Saturday, December 09, 2023

Discover Your Neighborhood Tree Score

The Woodland Trust has released a new interactive map which reveals the amount of tree canopy cover available in thousands of UK neighborhoods. Using the map you can discover the 'tree equity score' of Lower Layer Super Output Area (LSOA) in England, Scotland, Wales and Northern Ireland.

If you click on your neighborhood on the Tree Equity Score UK map you can discover its 'tree equity score', the current percentage of tree canopy cover, and the local levels of air pollution. The 'tree equity score' uses a range of factors to calculate "how well the benefits of trees are reaching communities living on low incomes and others disproportionately impacted by extreme heat, pollution and other environmental hazards." In other words it provides an overview of where investment in tree canopy cover is most acute. 

The score provides a single measure from 0-100 for each LSOA. The lower the tree equity score then the greater the need for investment.

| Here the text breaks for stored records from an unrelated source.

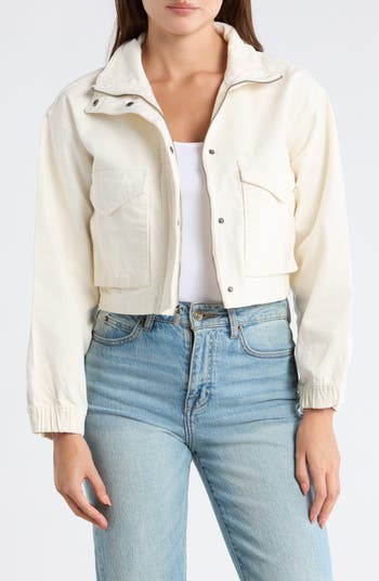 Layer on this sporty zip-front jacket cut from soft cotton twill and finished with roomy pockets for added utility.
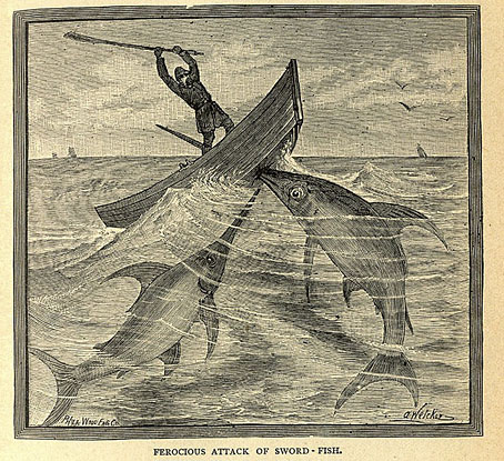 Считается, что рыба-меч агрессивна и непредсказуема. Своим мечом она может пронзить даже лист железа толщиной более 1 см. От удара меч-рыба не страдает, если не потеряет свой меч. У его основания находятся жировые амортизаторы, то есть лопасти, заполненные жиром, смягчающим силу удара.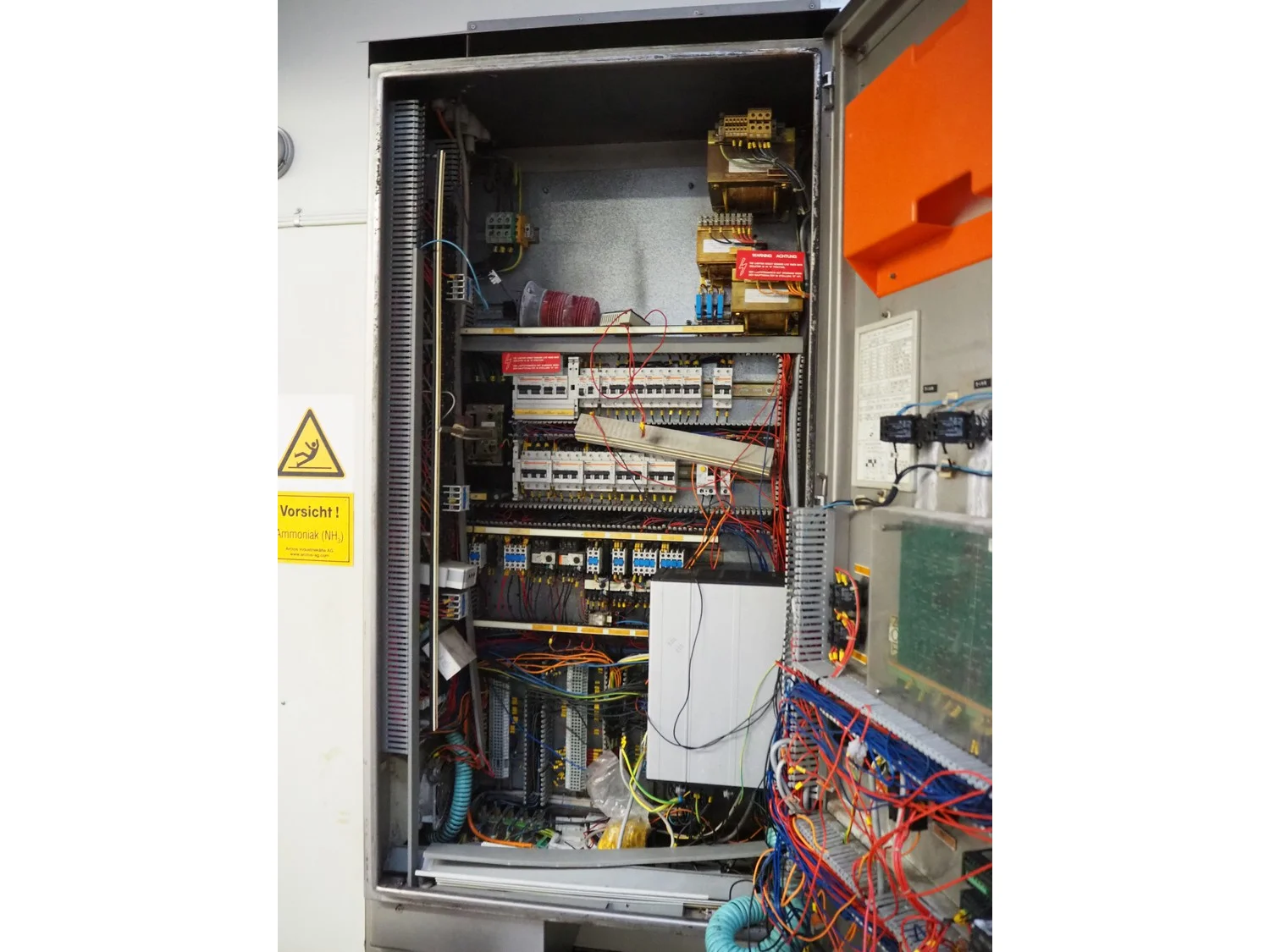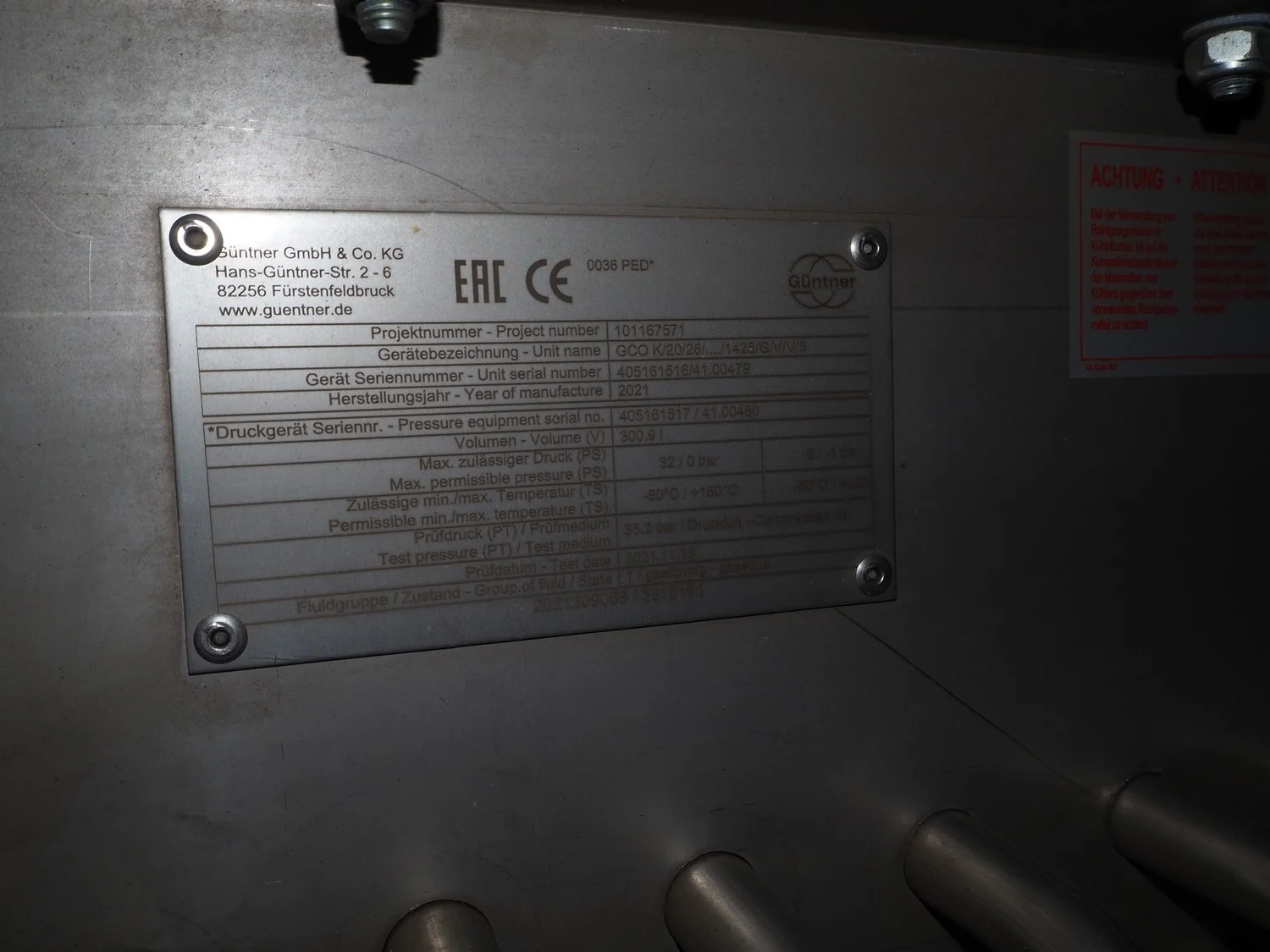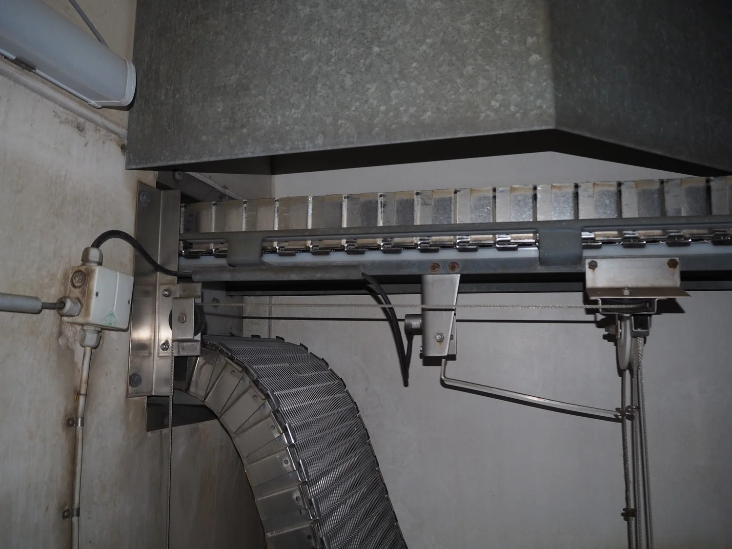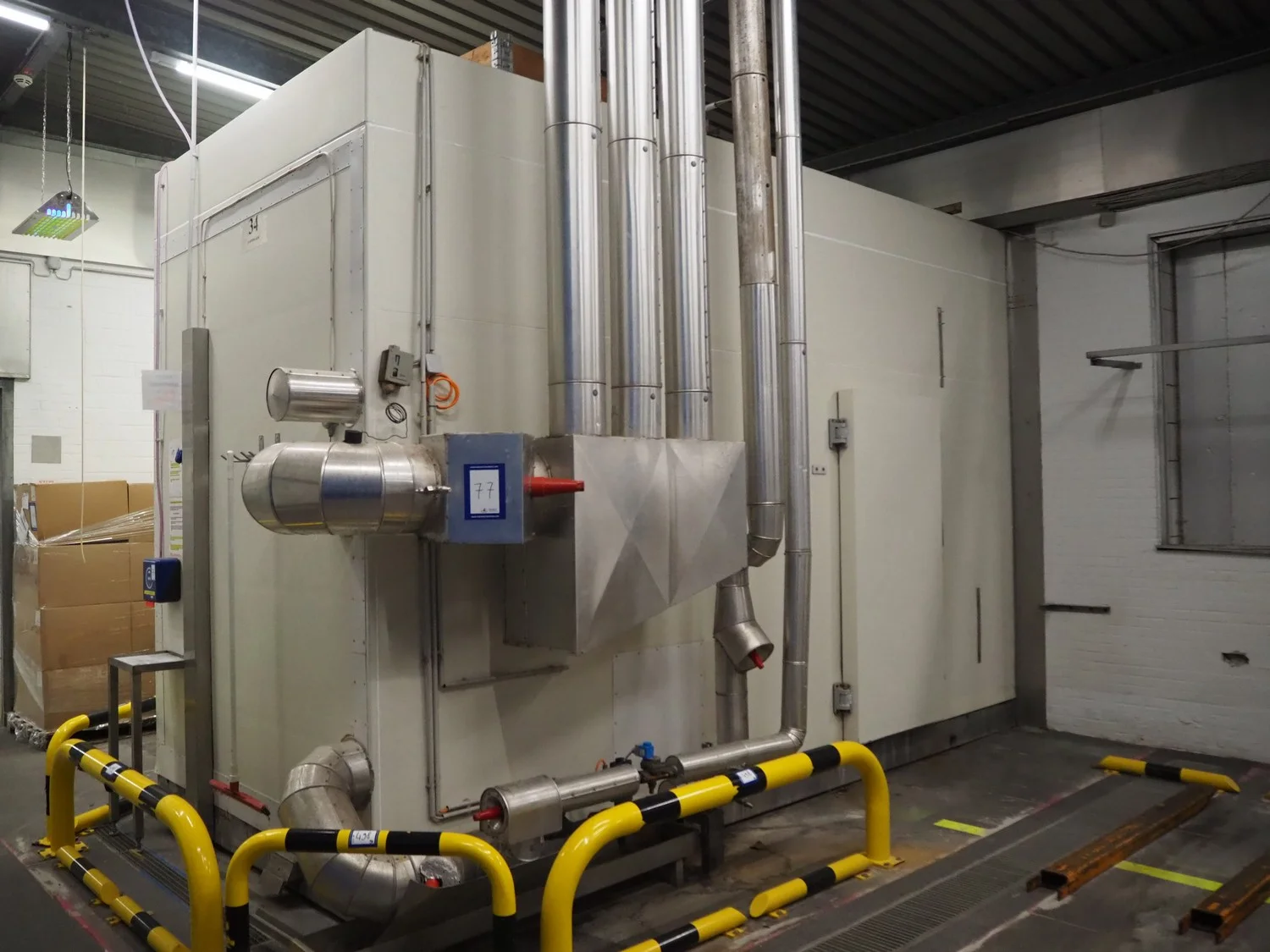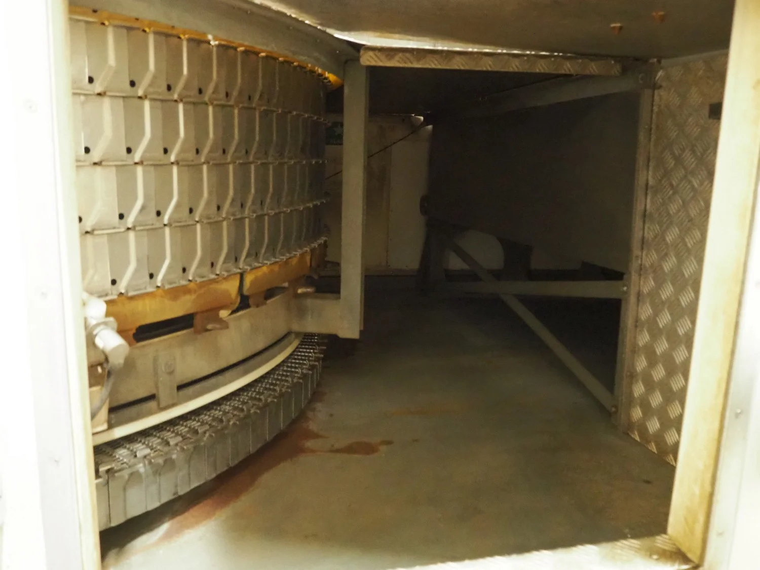 Frigoscandia Gyrocompact® spiral freezer, model: GC P 42-09-25-06, number: 470372, North-North, refrigerant: NH3, 25 floors, Frigobelt s/s mesh belt, total belt width: 420 mm, netto belt width: 375 mm, infeed height: 560 mm, outfeed height: 2900 mm, Güntner evaporator, number: 101167571, year of construction evaporator: 2021, volume: 300.9 liter, temperature range: -50/+150°C, total dimensions: 8000 mm x 2450 mm x 3500 mm.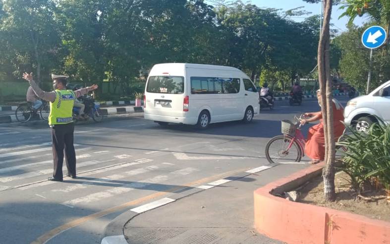 Seputarperak.com- Pengaturan lalu lintas pagi dilakukan personil Unit Lantas Polsek Kenjeran, Polres Pelabuhan Tanjung Perak di Uturn SMAN 19, Jalan Kedung Cowek, Kamis, 27 Agustus 2020.

The Woodland Trust's Tree Equity Score map was made in partnership with American Forests and is similar to the US Tree Equity Score map. In both the UK and the US the number of trees and the amount of tree cover is often very closely tied to the distribution of income and race. Trees are usually very sparse in low income areas. On the other hand neighborhoods with lots of trees and tree cover are very often the most expensive areas in which to live.

A lack of trees and tree cover in cities is one of the biggest causes of urban heat islands. Urban heat islands are areas of towns and cities which can become unbearably hot, especially on days with extreme heat. These areas can often become 10-20 degrees warmer than other areas in the very same city. Urban heat islands tend to occur in areas with the densest built environments and with very little tree canopy cover. Using the tree equity score maps it is possible to quickly determine the neighborhoods most in need of increased tree canopy cover.